[Records — start]

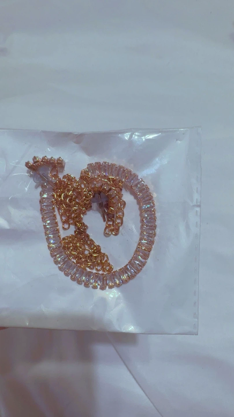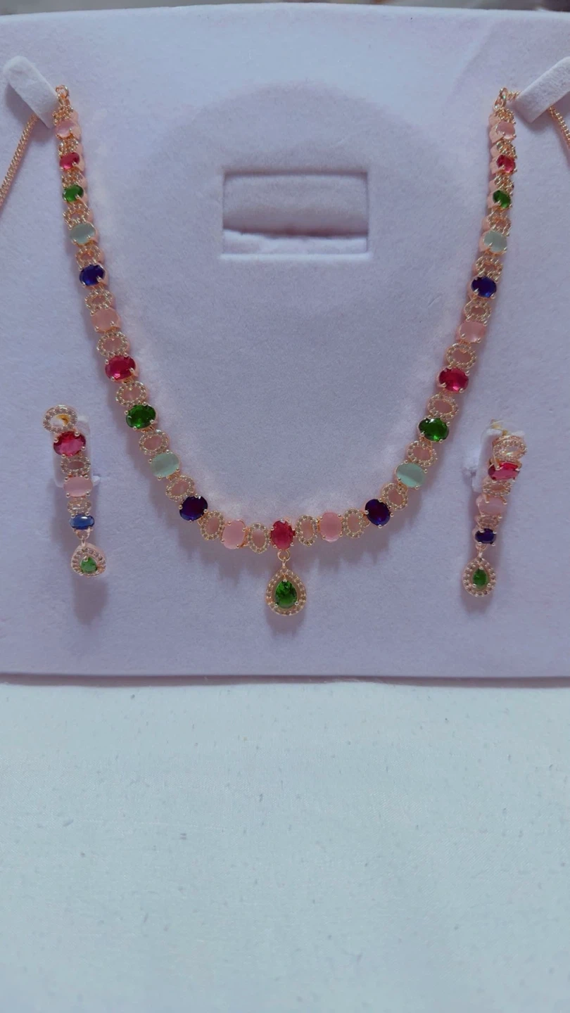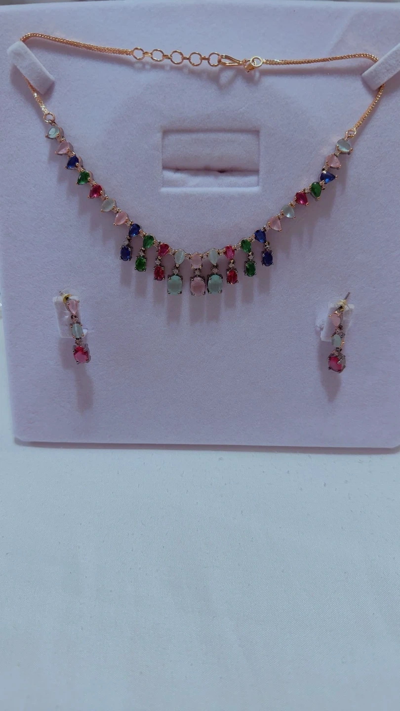 This set includes a necklace and matching earrings. It features colourful gemstones and a rose gold toned chain. It's a lovely accessory for special occasions!
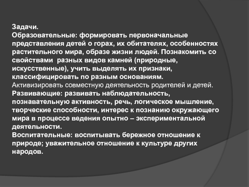 Задачи.Образовательные: формировать первоначальные представления детей о горах, их обитателях, особенностях растительного мира, образе жизни людей. Познакомить со
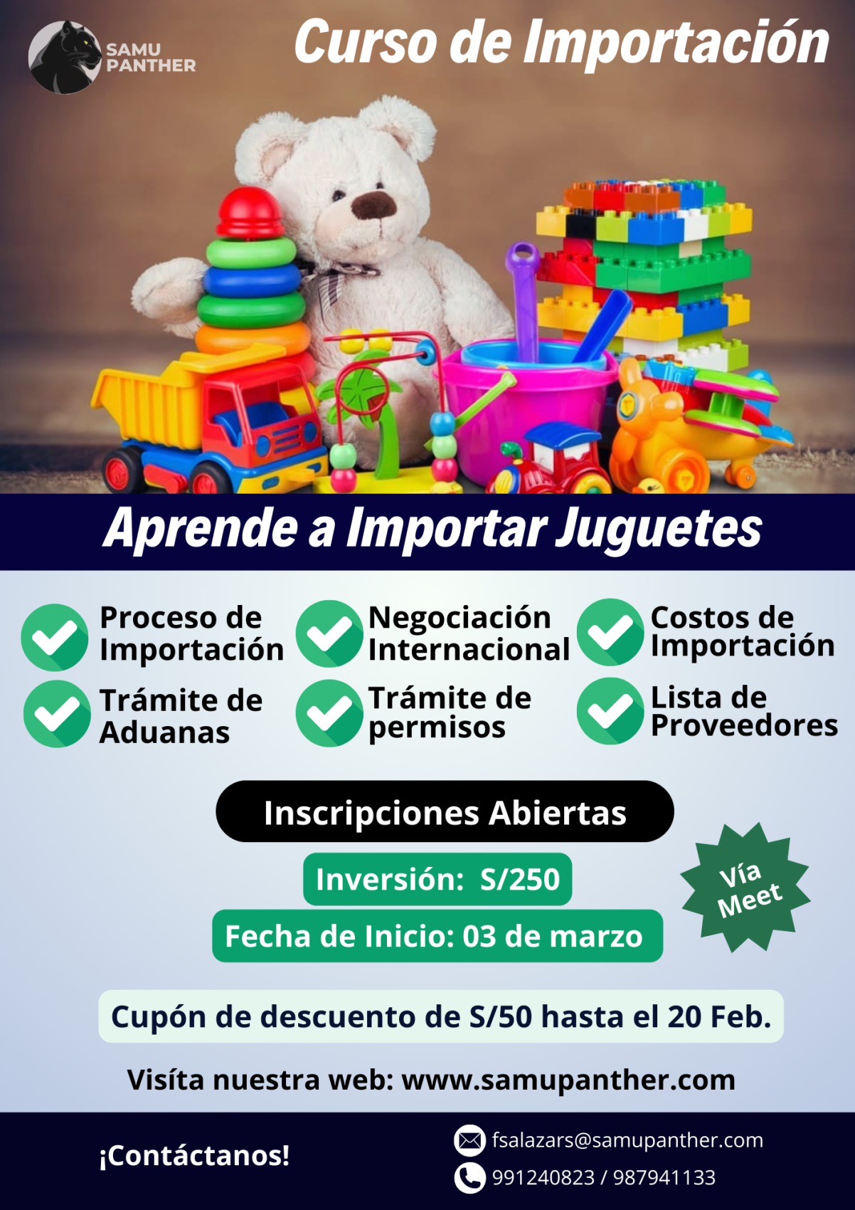 Correo: fsalazars@samupanther.com / Teléfonos: 991240823 - 987941133
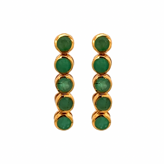 Natural emerald bezel-set drop earrings in 925 sterling silver with 22k gold vermeil, designed to be tarnish-free. Featuring vibrant green emeralds in a clean, minimal setting, these 1" drops bring effortless color and movement.
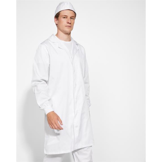 Camice a maniche lunghe unisex. · Polsini regolabili 1x1 a costine. · Apertura centrale con pulsanti automatici all'interno. · Tasca interna sul lato sinistro.
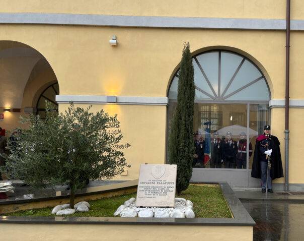 FIRENZE – Commemorazione, oggi 10 febbraio 2024, nella caserma Fausto Dionisi, nel lungarno della Zecca, del commissario Giovanni Palatucci, morto a Dachau il 10 febbraio 1945 a soli 35 anni. MOMC, Giusto tra le Nazioni, proclamato dalla Chiesa Servo di Dio nel 2004.
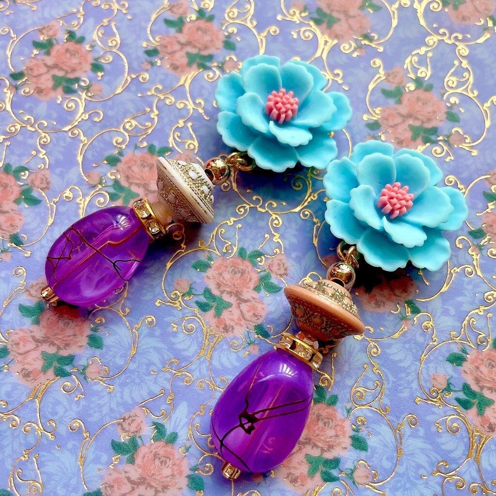 大輪の花にアクリルビーズが揺れる耳飾り。
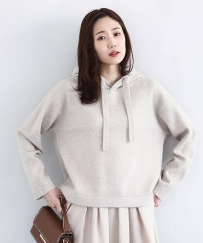 [MK ミッシェルクラン 小さいサイズ]ニュアンス感たっぷりなあったかニットフーディー■デザイン身幅に適度なゆとりを持たせつつ、丈感はコンパクトでバランス.. |
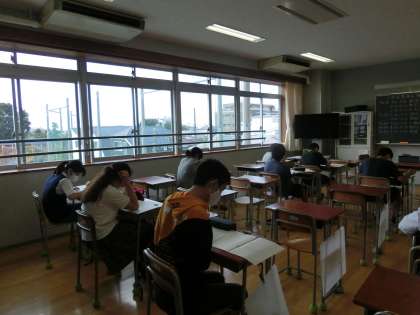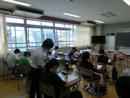 後半の補習授業も2日目。左の写真は3年生の英語、右の写真は2年生の数学の様子です。暑い中ですがみんな真剣に取り組んでいました。
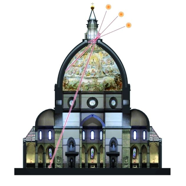 In 1482 Paolo Dal Pozzo Toscanelli, astronomer, cartographer and mathematician, died. He studied at the University of Padua. On 3 October 1453 he was consulted by the Signoria as an astrologer following the great earthquake of 28 September 1453. Toscanelli’s mathematical and astronomical works have almost all been lost. In 1468 Toscanelli had a gnomon installed in the church of S. Maria del Fiore in Florence that we see in the photo (it is said that he helped Brunelleschi with the calculations for the construction of the dome) to determine the variation of the inclination of the axis of rotation of the Earth on the plane of the orbit (fundamental for the calculation of the solar ephemeris). The height of the gnomon is such that the sun’s rays, passing through the hole, strike the floor of the church only from the end of May to the end of July and for a few minutes before and after noon. His observations of comets are the first we know of: he determined many positions of the comets of 1433, 1449-1450, 1456 (later called Halley…), 1457 and 1472, tracing their orbits on star maps he prepared. Toscanelli exerted a decisive influence on Colombo’s decision to set sail in search of the East Indies by sailing westward: we report the hypothetical reconstruction, in cylindrical projection, of the map sent by Paolo dal Pozzo Toscanelli to Christopher Columbus. The asteroid 8209 Toscanelli, a crater on the Moon with a diameter of 7 km and also on the Moon a chain of mountains 70 km long, the Rupes Toscanelli, were dedicated to him.
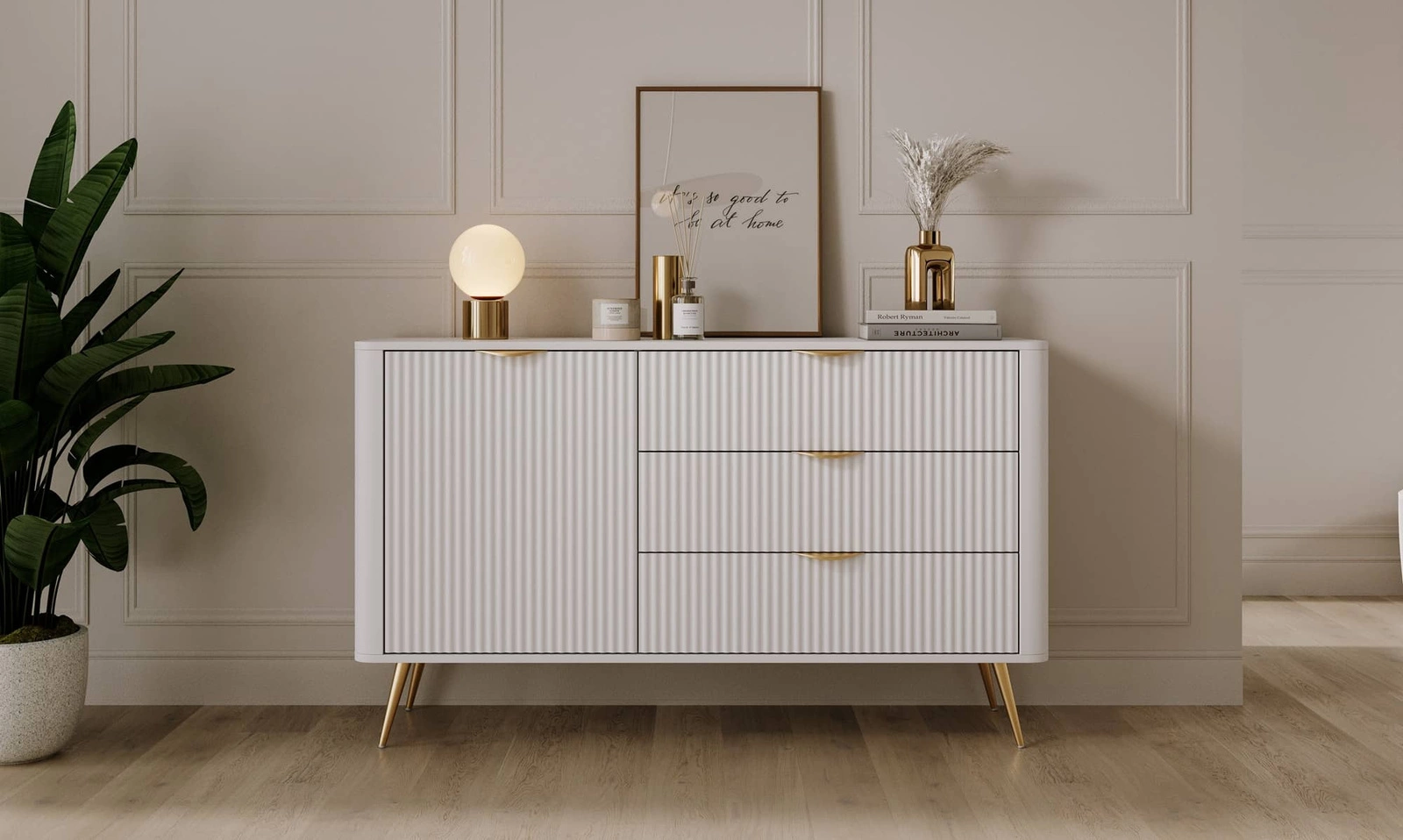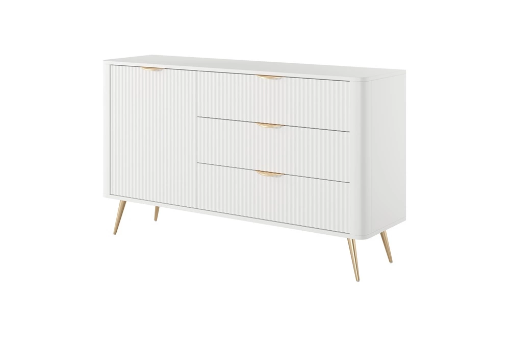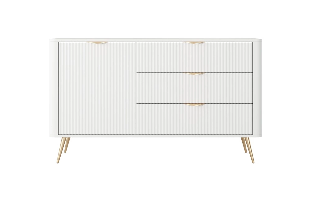 Komoda z szufladami 138 cm Lante w kolorze białym to nowoczesny mebel, który zaskakuje swoim kształtem oraz estetyką.
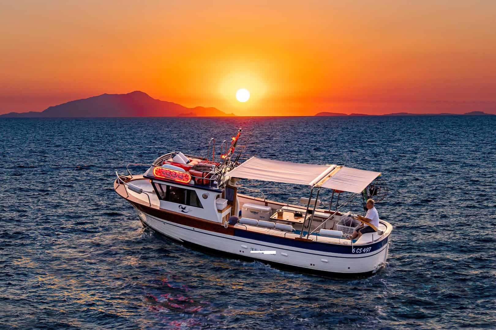 There is nothing quite like “Golden Hour” on the Mediterranean. As the sun dips toward the horizon, we’ll pause to take in the vibrant colors. It’s the perfect moment for a family photo or a quiet toast before the fishing action begins.
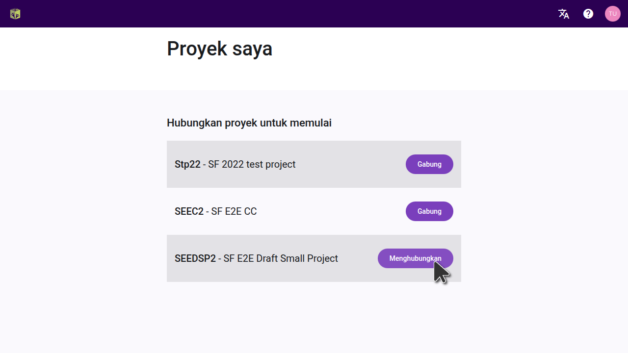 Dari daftar yang ditampilkan, Anda akan dapat membuka proyek jika sudah terhubung. Anda juga dapat bergabung dengan sebuah proyek atau klik "Hubungkan" untuk menghubungkan sebuah proyek untuk pertama kalinya di Scripture Forge.
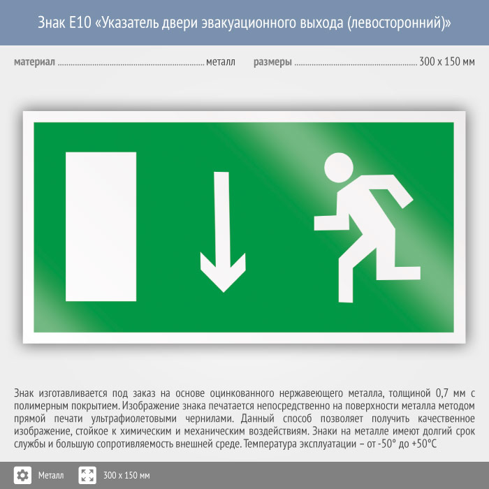 Знак E10 «Указатель двери эвакуационного выхода (левосторонний)» (металл, 300х150 мм) в Волгограде купить
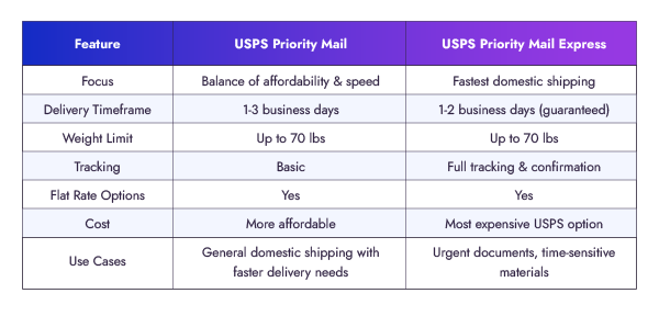 - Generally the most expensive domestic shipping option from USPS.
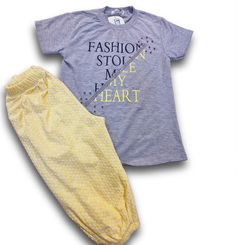 ست تیشرت و شلوارک دخترانه طرح fashion ست خونگی مناسب ۶ تا ۱۰ سال

[Records — finish]

Required work
Print the data exactly, from its first line to the line containing "Natural emerald bezel-set", both included. Omit the pictures.

Written response
 This set includes a necklace and matching earrings. It features colourful gemstones and a rose gold toned chain. It's a lovely accessory for special occasions!
 Задачи.Образовательные: формировать первоначальные представления детей о горах, их обитателях, особенностях растительного мира, образе жизни людей. Познакомить со
 Correo: fsalazars@samupanther.com / Teléfonos: 991240823 - 987941133
 Natural emerald bezel-set drop earrings in 925 sterling silver with 22k gold vermeil, designed to be tarnish-free. Featuring vibrant green emeralds in a clean, minimal setting, these 1" drops bring effortless color and movement.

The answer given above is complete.